PARIS, France, – April 11, 2019 at 7:00 a.m. CEST – Lysogene (FR0013233475 – LYS), a biopharmaceutical company specializing in gene therapy targeting central nervous system (CNS) diseases, today announced its 2018 financial results, approved by the Board of Directors on April 9, 2019. Audit procedures on the
Company’s 2018 consolidated financial statements were completed by the Company’s statutory auditors.
“2018 was a very important year for Lysogene. The signature of a strategic collaboration with Sarepta Therapeutics, leading US player in rare diseases and innovative treatments, validates Lysogene’s strategic approach, expertise, and capacity to deliver. The payments associated with this partnership, significantly extend Lysogene’s cash runway,” said Karen Pignet-Aiach, Founder and CEO of Lysogene. “LYS-SAF302, the first gene therapy for Sanfilippo Type A (MPS IIIA), is now in a Pivotal Phase 2/3 clinical trial to treat this lethal pediatric disease. In addition, significant progress was made on Lysogene’s pipeline: We are anticipating opening the IND for the treatment of GM1 gangliosidosis with LYS-GM101 in the first half of 2020 and an external collaboration was signed to complete the pre-clinical work for our new drug candidate targeting the unmet medical need of Fragile X syndrome.”
Selected financial information on 31 December 2018 (IFRS consolidated financial statements)
|In thousands of euros||2018||2017|
|Other operating income||2,354||2,687|
|Research and development costs||(10,705)||(15,330)|
|General and administrative expenses||(6,194)||(4,573)|
|Operating income (loss)||(10,955)||(17,216)|
|Net income (loss)||(10,925)||(17,794)|
|Earnings per share (€]||(0.87)||(1.52)|
|Net cash flows from operating activities||(9,393)||(14,615)|
|Net cash flows from financing activities||1,853||23,149|
|Change in net cash and cash equivalents||10,859||7,837|
|Cash and cash equivalents at the end of the year||24,952||14,089|
Lysogene achieved €3.59 million Revenues (1) in 2018 (IFRS recognition in connection with the partnership
with Sarepta, as described in the Company’s financial statements).

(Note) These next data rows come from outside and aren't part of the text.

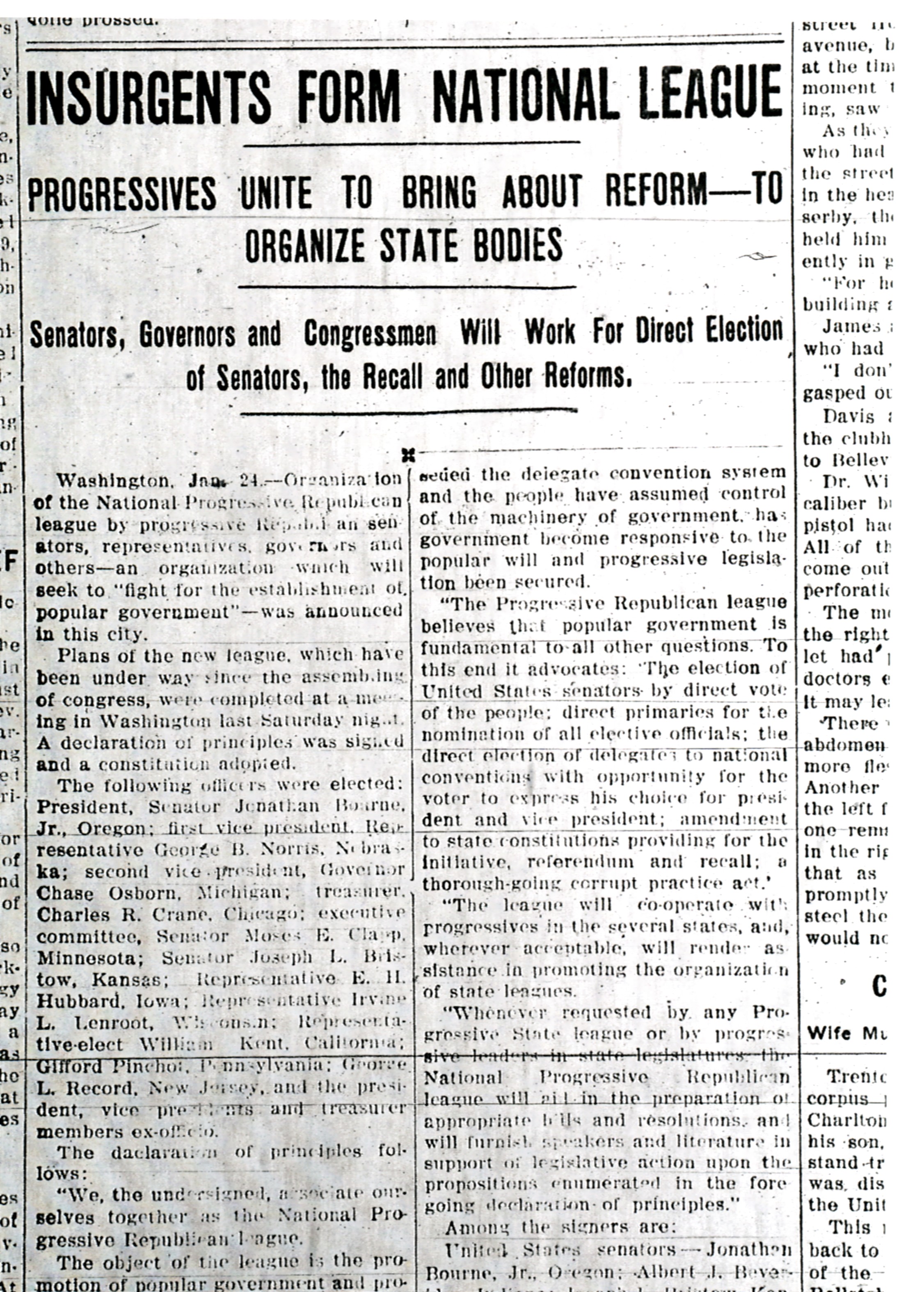 Senators, Governors and Congressmen Will Work For Direct Election of Senators, the Recall and Other Reforms
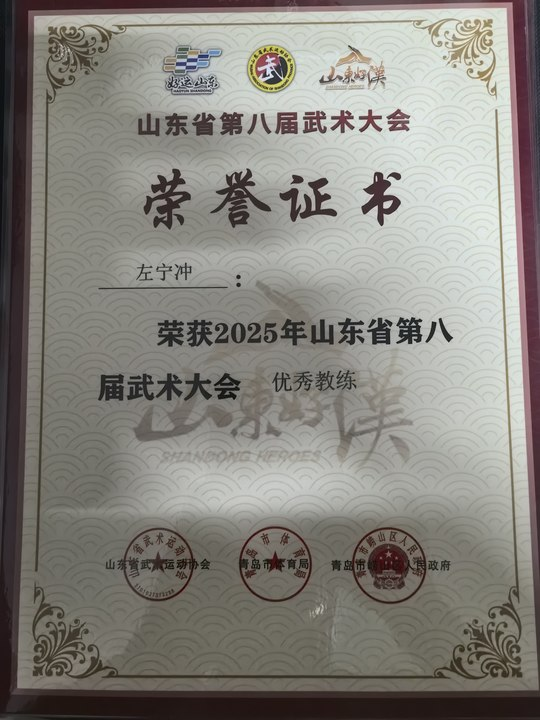 喜报|信息工程学院左宁冲老师荣获山东省第八届武术大会“优秀教练员”称号
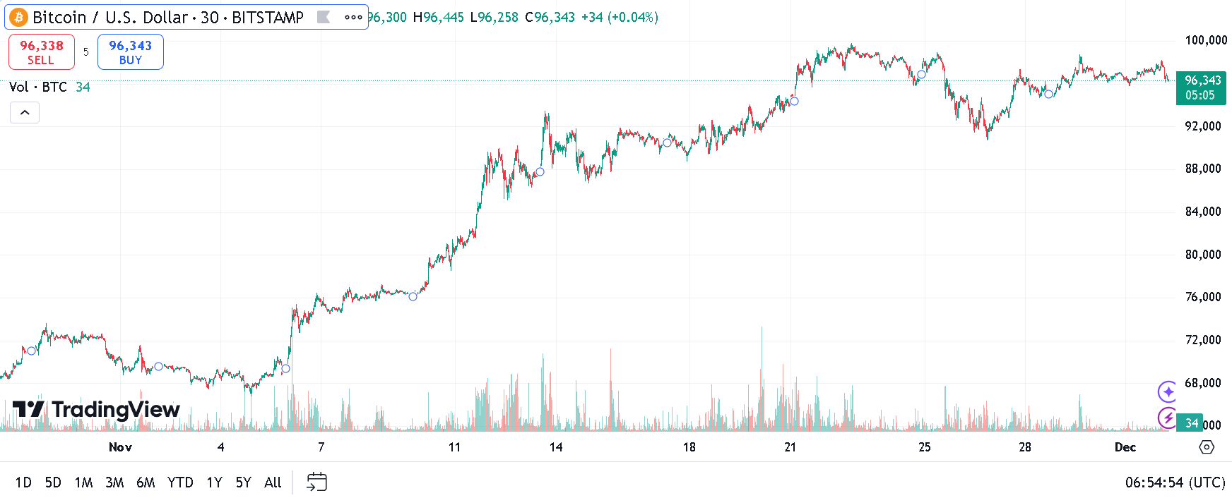 На початку грудня показник індексу знизився, але продовжує відображати надзвичайно позитивні настрої. Дані Cointelegraph Markets Pro і TradingView показують, що BTC у грудні знизився до 96 000 доларів США.
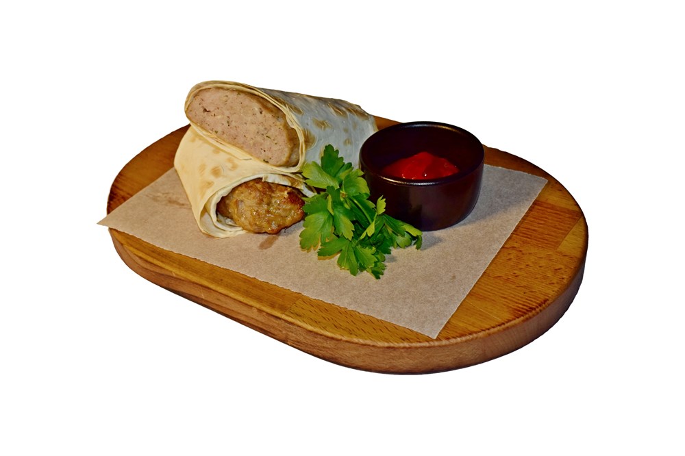 Нежный люля-кебаб из отборного куриного фарша с ароматными специями, чесноком и сочным репчатым лучком. Подается в мягком лаваше с соусом сацебели и зеленью
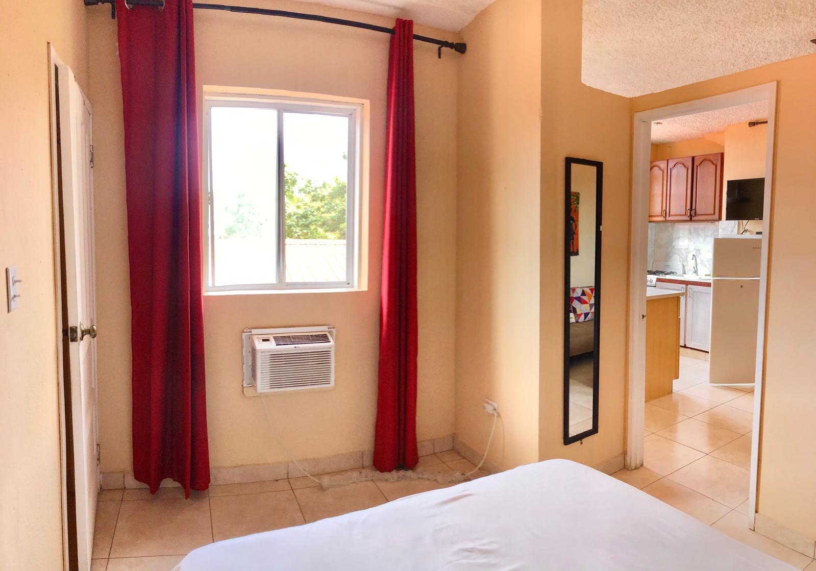 Studio appartement confortable d'une chambre. Cuisine complète avec coin repas à l'îlot avec 2 tabourets de comptoir hauts. Canapé-lit.
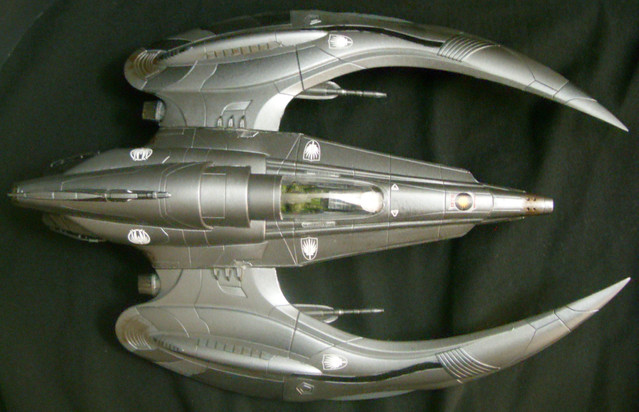 For this year's Big Spring Contest over at scalemodeladdict.com, I decided to build a larger version of my old Viper/Raider hybrid, or "Shadowdemon"This was built using the 1/32 scale Viper Mk7 and 1/32 Cylon Raider kits made by Moebius Models.

In 2018, research and development expenses amounted to € 10.7 million compared with €15.3 million in 2017, mainly explained by a decrease in costs for pre-clinical studies, manufacturing and the natural history study for LYS-SAF302, compared to 2017. General and administrative expenses amounted to €6.2 million compared with €4.5 million in 2017, an increase mainly explained by exceptional costs booked in 2018 in connection with the strategic partnership with Sarepta.
Operating income stood at € (10.9) million in 2018, compared with € (17.2) million in 2017. Net income amounted to € (10.9) million in 2018, compared with € (17.8) million in 2017.

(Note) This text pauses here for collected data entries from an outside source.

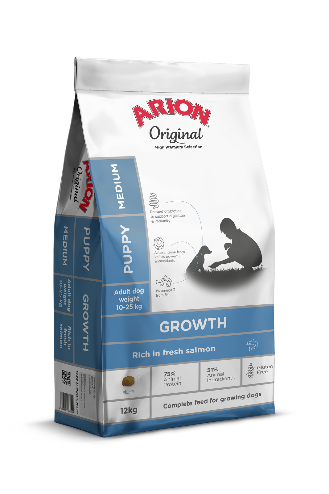 Arion Original Growth Salmon/Fish Puppy Medium to pełnowartościowa karma dla szczeniąt ras średnich, ze świeżym łososiem. Jej bezglutenowa, monobiałkowa receptura oparta na rybach zawiera unikatową mieszankę składników pochodzenia morskiego, pre- i probiotyków oraz właściwy poziom witamin i minerałów.
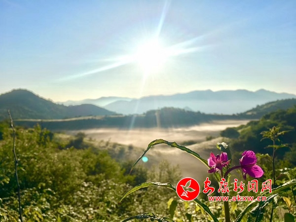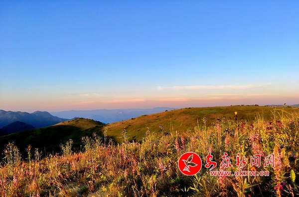 甸內(nèi)不知名的小花爭(zhēng)相綻放。遠(yuǎn)觀整個(gè)草甸呈現(xiàn)出一片朦朦朧朧的粉綠,置身其中,會(huì)感覺到一種無比浪漫的溫馨。iYr安康新聞網(wǎng)
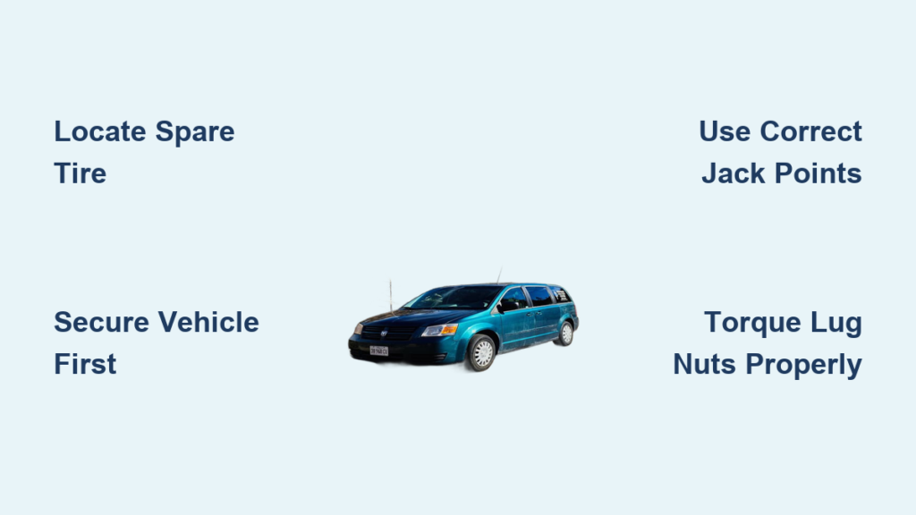 Improper lifting technique causes most tire-changing injuries. The Caravan’s weight distribution requires specific jack positioning that differs from most passenger vehicles.
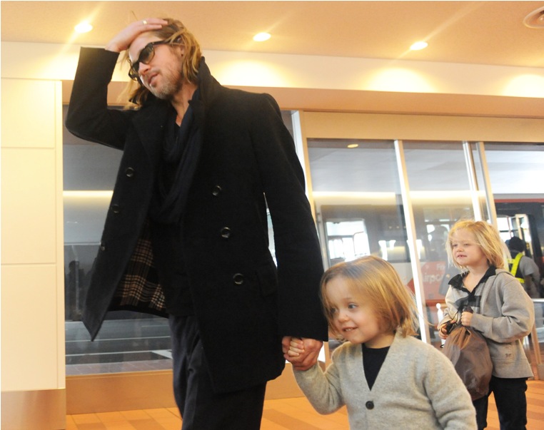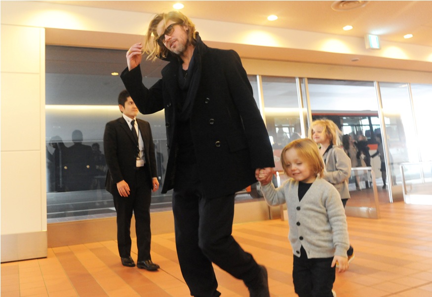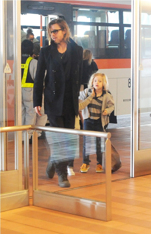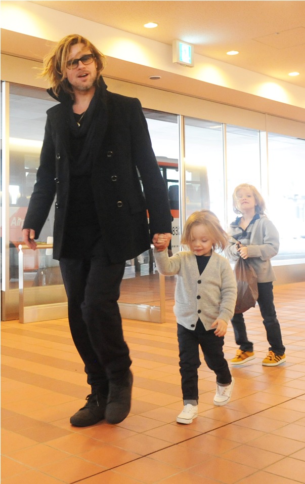 That’s the group of 8, arriving in Tokyo where Brad Pitt will be promoting Moneyball. They were previously in Hungary while he continued to shoot World War Z. As you can see, his hair is approaching Tristan Ludlow length. You like it? Of course you do. Or, of course you don’t. These two don’t exactly inspire objectivity.
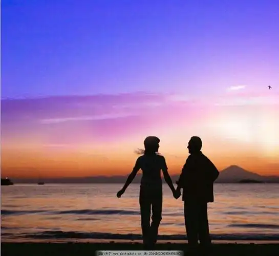 黄昏日落情侣看海背影图片
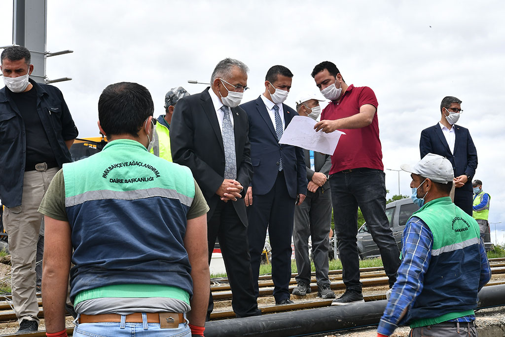 Kayseri Büyükşehir Belediye Başkanı Dr. Memduh Büyükkılıç, dört gün sürecek kısıtlamanın ilk gününde Gesi Kavşağı’na neşter vurdu. Gesi Kavşağı’nın çok daha fonksiyonel hale gelmesini ve trafik akışının çok daha seri olmasını isteyen Büyükkılıç, sinyalizasyonu da kapsayan çalışmaları yerinde takip etti. Kayseri Büyükşehir Belediyesi, Covid-19 salgını süresince ulaşım konusunda gerek altyapı ve yol gerekse sinyalizasyon çalışmalarını hızlandırdı. Bu kapsamda Gesi Kavşağı’nda yapılan ışık düzenlemesini inceleyen Büyükşehir Belediye Başkanı Dr. Memduh Büyükkılıç, “Bir bakıma doğu kapısı olarak nitelendirilen Gesi Kavşağı’nda trafik ışıkları düzenlemesini ve kavşak düzenlemesini yeniden gözden geçirmek suretiyle sıkıntıyı en aza indirgeyeceğiz. Burada vatandaşlarımızın kavşakta gereksiz yere beklemeden daha süratli olarak kavşağı boşaltacağı bir anlayışta çalışma yapılıyor. Buradaki kavşakta yaklaşık yüzde 60-70 oranında araçların Gesi tarafına gittiğini gözlemliyoruz. Öyle olunca burada gereksiz yere ışıkta bekletmeden yan yol ile vatandaşlarımız kavşakta beklemeden geçerlerse yığılma da önlenmiş olur. Bu çalışmayı sokağa çıkmadaki sınırlamaya, bayram vesilesiyle olan bu boşluğa denk getirdik. Bir bakıma fırsatçılık yapmak suretiyle alt yapıdaki düzenlemeyle asfalt çalışmasıyla, gerekse ışıkların düzenlemesiyle, inşallah kısa sürede bitirmek suretiyle vatandaşlarımızı bayram sonrası rahatlıkla bu kavşaktan istifade edecek konuma getireceğiz. Şehrimize hayırlı olsun diyoruz. Kayserili hemşehrilerimiz siz evde kalın yeter ki, biz size daha konforlu daha yaşanabilir bir şehir bırakmak için çalışmaya devam ediyoruz. Bu vesileyle bayramınızı bir kez daha tebrik ediyorum. Hayırlı arefeler, hayırlı bayramlar diliyorum” şeklinde konuştu.

As of December 31, 2018, and following the signature of the Global Collaboration with Sarepta, the company had a cash position of €25 million, allowing the Company to fully fund its Phase 2/3 clinical trial on LYS-SAF 302.

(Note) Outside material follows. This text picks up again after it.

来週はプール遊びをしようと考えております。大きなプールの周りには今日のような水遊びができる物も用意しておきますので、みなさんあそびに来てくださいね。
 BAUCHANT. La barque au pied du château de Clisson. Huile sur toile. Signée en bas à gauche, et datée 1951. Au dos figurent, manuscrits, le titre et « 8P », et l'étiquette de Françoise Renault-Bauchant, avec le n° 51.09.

(1) In accordance with the new IFRS 15 standard “Revenue from customer contracts”, and after analysis with its external auditors, Lysogene is now required to recognize revenues relating to the license agreement signed with Sarepta. Revenues must be spread pro rata to the direct internal and external costs associated with the development of the LYS-SAF302 product, from the date of signature of the license agreement on October 15, 2018 until the end of the Phase 2/3 clinical trial for LYS-SAF302. Based on the estimated direct costs incurred over the period from 15 October to 31 December 2018, which represent 7.7% of total termination costs, Lysogene recorded revenues of €3.59 million for the 2018 financial year, corresponding to 7.7% of the transaction price, taking into account the amount of upfront and milestones acquired or highly probable.
Partnership with Sarepta
- In October 2018, Lysogene entered into a Global Collaboration with Sarepta Therapeutics Inc, a leading US company in genetic precision medicine for rare diseases, to develop LYS-SAF302. The agreement also provides Sarepta Therapeutics Inc. with an option on an additional Lysogene gene therapy candidate targeting the central nervous system (CNS). The terms of this partnership have been announced on 15 October 2018, and the collaboration is progressing well.
Launch of the LYS-SAF302 international Phase 2/3 clinical study (AAVance) for the treatment of MPS IIIA
- In February 2018, Lysogene obtained approval from the Paediatric Committee (PDCO) of the European Medicines Agency (EMA) on the LYS-SAF302 Paediatric Investigation Plan (PIP). This regulatory milestone confirmed the design of the single-arm phase 2/3 clinical trial in MPS IIIA. As a result, Lysogene will be eligible for a 2-year marketing exclusivity extension – in addition to the 10-year exclusivity associated with the orphan drug designation granted by the EMA.
- In September 2018, the Food and Drug Administration (FDA) approved the Investigational New Drug (IND) application, authorizing the initiation of the Phase 2/3 (AAVance) clinical trial in the United States.
- In February 2019, Lysogene treated the first patient in the Phase 2/3 clinical trial (AAVance) evaluating LYS-SAF302 gene therapy in MPS IIIA, triggering milestone payments totaling $18 million (€16 million) from Sarepta to Lysogene.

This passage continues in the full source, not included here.